The defendant filed in this Court for the first time a plea in bar. It set up that the declaration alleged identical facts upon which liability under the three counts was claimed; that the testimony was identical as to all three counts; that the plaintiff failed to appeal from the judgment rendered in its favor for $15,000.00 and has therefore made an election of remedies and is bound by such judgment from pursuing its appeal from that part of the judgment denying recovery under the usury counts of the declaration; that if the judgment against the defendant for $15,000.00 is affirmed, such affirmance will be res adjudicata as to any further claim by the plaintiff under the usury counts.
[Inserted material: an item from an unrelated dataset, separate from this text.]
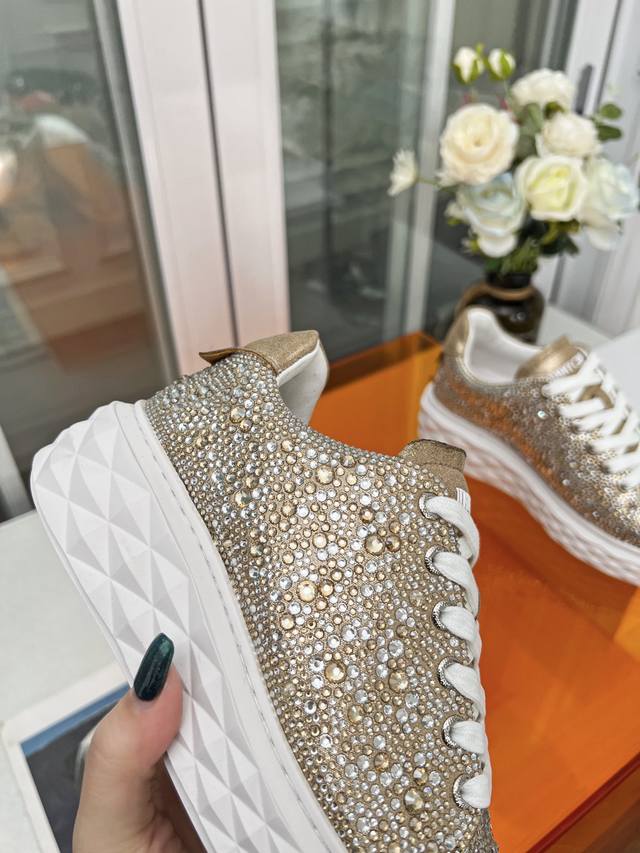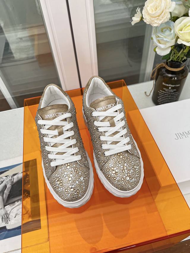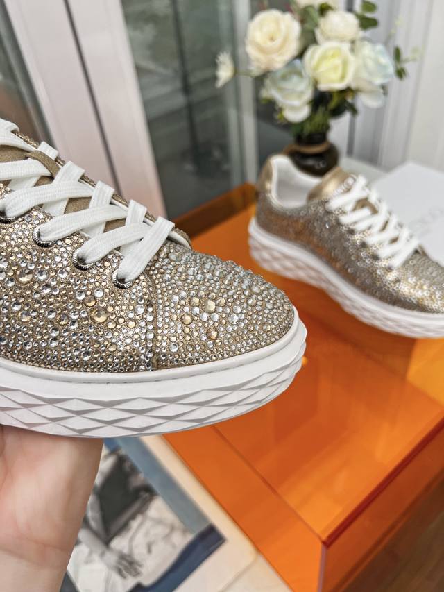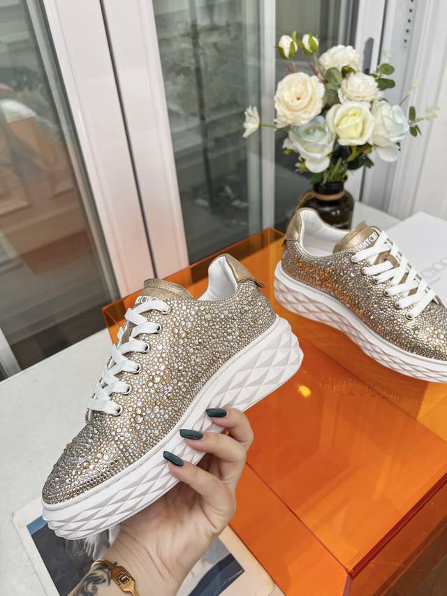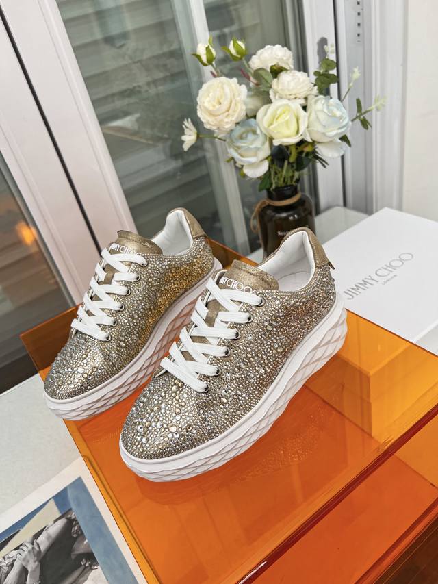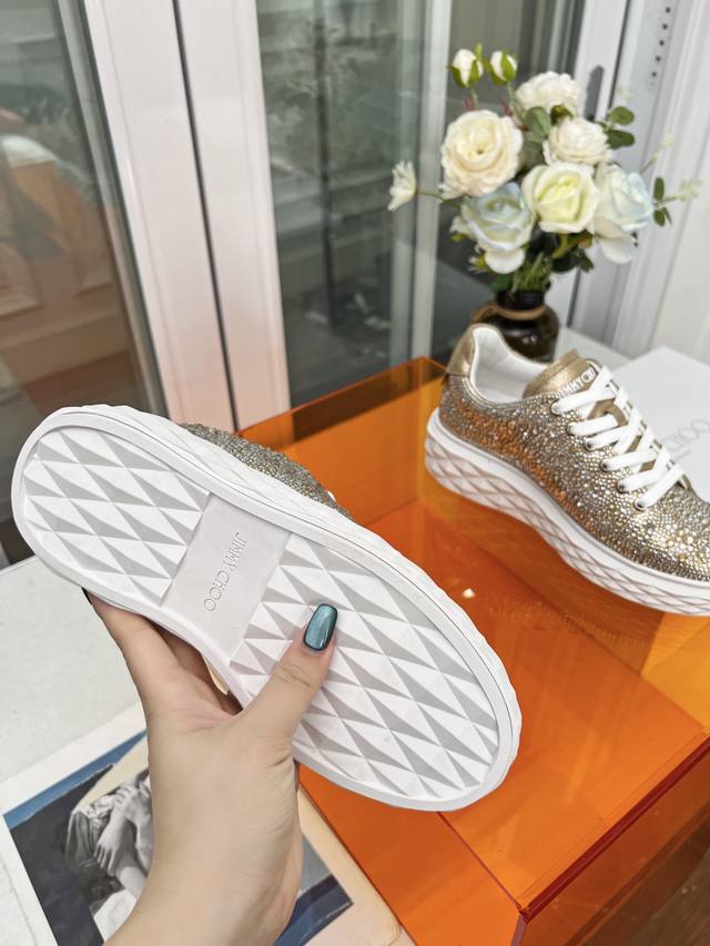 Jimmy Choo Women's Diamond Sneakers Size: 34-41 (True Size 34.41, custom-made, no returns or exchanges) Jimmy Choo 2026 Spring/Summer Diamond Sneakers New Arrival. The upper is made of original imported cowhide, and the sole features the brand's signature diamond-like multi-faceted cut for a three-dimensional look. The gradually thinning sole design adds height without any visual pressure, making them more comfortable to wear. A stylish, comfortable, versatile, and luxurious Diamond sneaker worth owning! Material: Original imported top-grain cowhide (Grease) Lining: Original custom breathable Lycra Insole: Sheepskin Outsole: Original glass glue combination sole.

The trial court denied this plea, and we think rightly so. We need not pass upon the question whether the plea may be entertained though filed in this Court for the first time. This is not a case involving the prosecution in one suit of inconsistent causes of action or the prosecution of in*346consistent remedies. If it were, the doctrine of election of remedies would apply and this Court wonld not consider the plea since it was not filed in the trial court. “The general rale that an appellate court will not consider grounds of defense not asserted in the trial court is applicable to the defense of election of remedies.” 3 Am. Jur., Appeal and Error, Sec. 299, page 66.
This suit however involves the prosecution in one suit of distinct and independent grounds of action. The doctrine of election of remedies does not apply. In 18 Am. Jur., Election of Remedies, Sec. 14, page 138, is found the following’: “A class of cases is herein to be distinguished from those which are subject to the doctrine of election of remedies. It may be that the same transaction will give rise to distinct and independent grounds of action which may be concurrently or consecutively pursued to satisfaction.” Such is the case here. One cause of action is based upon the statutes against trusts and combines and one is based upon the statutes against usury. Without regard to the propriety of considering the plea in bar filed in this Court for the first time, we are of the opinion that the trial court was correct in denying the plea.
We find no merit in the defendant’s contention that the court erred in overruling the defendant’s motion to transfer the case to the chancery court. A sufficient answer to this contention is Section 147 of the Constitution of Mississippi providing that “no judgment or decree in any chancery or circuit court rendered in a civil cause shall be reversed or annulled on the ground of want of jurisdiction to render said judgment or decree, from any error or mistake as to whether the cause in which it was rendered was of equity or common-law jurisdiction; ...”
After a careful examination of the instructions, we are of the opinion that they disclose no reversible error.
*347In the light of the views hereinbefore expressed we have reached the carefully considered conclusion that the judgment of the court below should he affirmed both on the appeal of the plaintiff and the appeal of the defendant.
Affirmed.
McGehee, G. J., and Hall, Lee and Ethridge, JJ., concur.